How to efficiently utilize vast amounts of easily accessed aerial imageries is a critical challenge for researchers with the proliferation of high-resolution remote sensing sensors and platforms. Recently, the rapid development of deep neural networks (DNN) has been a focus in remote sensing, and the networks have achieved remarkable progress in image classification and segmentation tasks. However, the current DNN models inevitably lose the local cues during the downsampling operation. Additionally, even with skip connections, the upsampling methods cannot properly recover the structural information, such as the edge intersections, parallelism, and symmetry.
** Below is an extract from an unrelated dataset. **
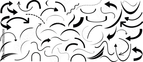 The watermark will not be included on Wall mural.: Curved lines and arrow vector set, hand drawn curve line shapes in diverse styles for creative desig

In this paper, we propose the Web-Net, which is a nested network architecture with hierarchical dense connections, to handle these issues. We design the Ultra-Hierarchical Sampling (UHS) block to absorb and fuse the inter-level feature maps to propagate the feature maps among different levels. The position-wise downsampling/upsampling methods in the UHS iteratively change the shape of the inputs while preserving the number of their parameters, so that the low-level local cues and high-level semantic cues are properly preserved. We verify the effectiveness of the proposed Web-Net in the Inria Aerial Dataset and WHU Dataset. The results of the proposed Web-Net achieve an overall accuracy of 96.97% and an IoU (Intersection over Union) of 80.10% on the Inria Aerial Dataset, which surpasses the state-of-the-art SegNet 1.8% and 9.96%, respectively; the results on the WHU Dataset also support the effectiveness of the proposed Web-Net. Additionally, benefitting from the nested network architecture and the UHS block, the extracted buildings on the prediction maps are obviously sharper and more accurately identified, and even the building areas that are covered by shadows can also be correctly extracted. The verified results indicate that the proposed Web-Net is both effective and efficient for building extraction from high-resolution remote sensing images.
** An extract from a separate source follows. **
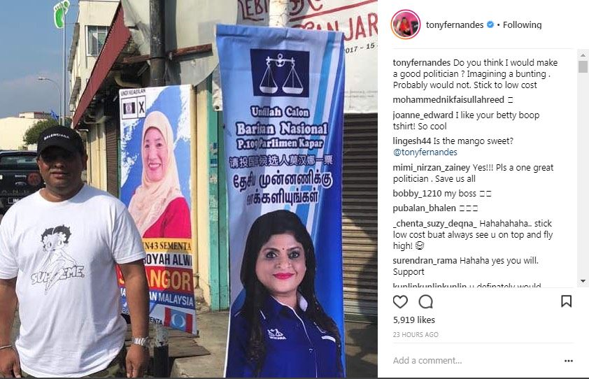 "Adakah anda rasa saya akan menjadi ahli politik yang baik? Sedang membayangkan sepanduk (calon). Mungkin tidak, kekal kepada penerbangan kos rendah," begitu kenyataan Fernandes menerusi gambar yang dimuat naik ke laman Instagramnya pada Ahad.

[1] Fei-Fei Li,et al. ImageNet: A large-scale hierarchical image database , 2009, 2009 IEEE Conference on Computer Vision and Pattern Recognition.

[2] Alain Trémeau,et al. Residual Conv-Deconv Grid Network for Semantic Segmentation , 2017, BMVC.

[3] Kilian Q. Weinberger,et al. Densely Connected Convolutional Networks , 2016, 2017 IEEE Conference on Computer Vision and Pattern Recognition (CVPR).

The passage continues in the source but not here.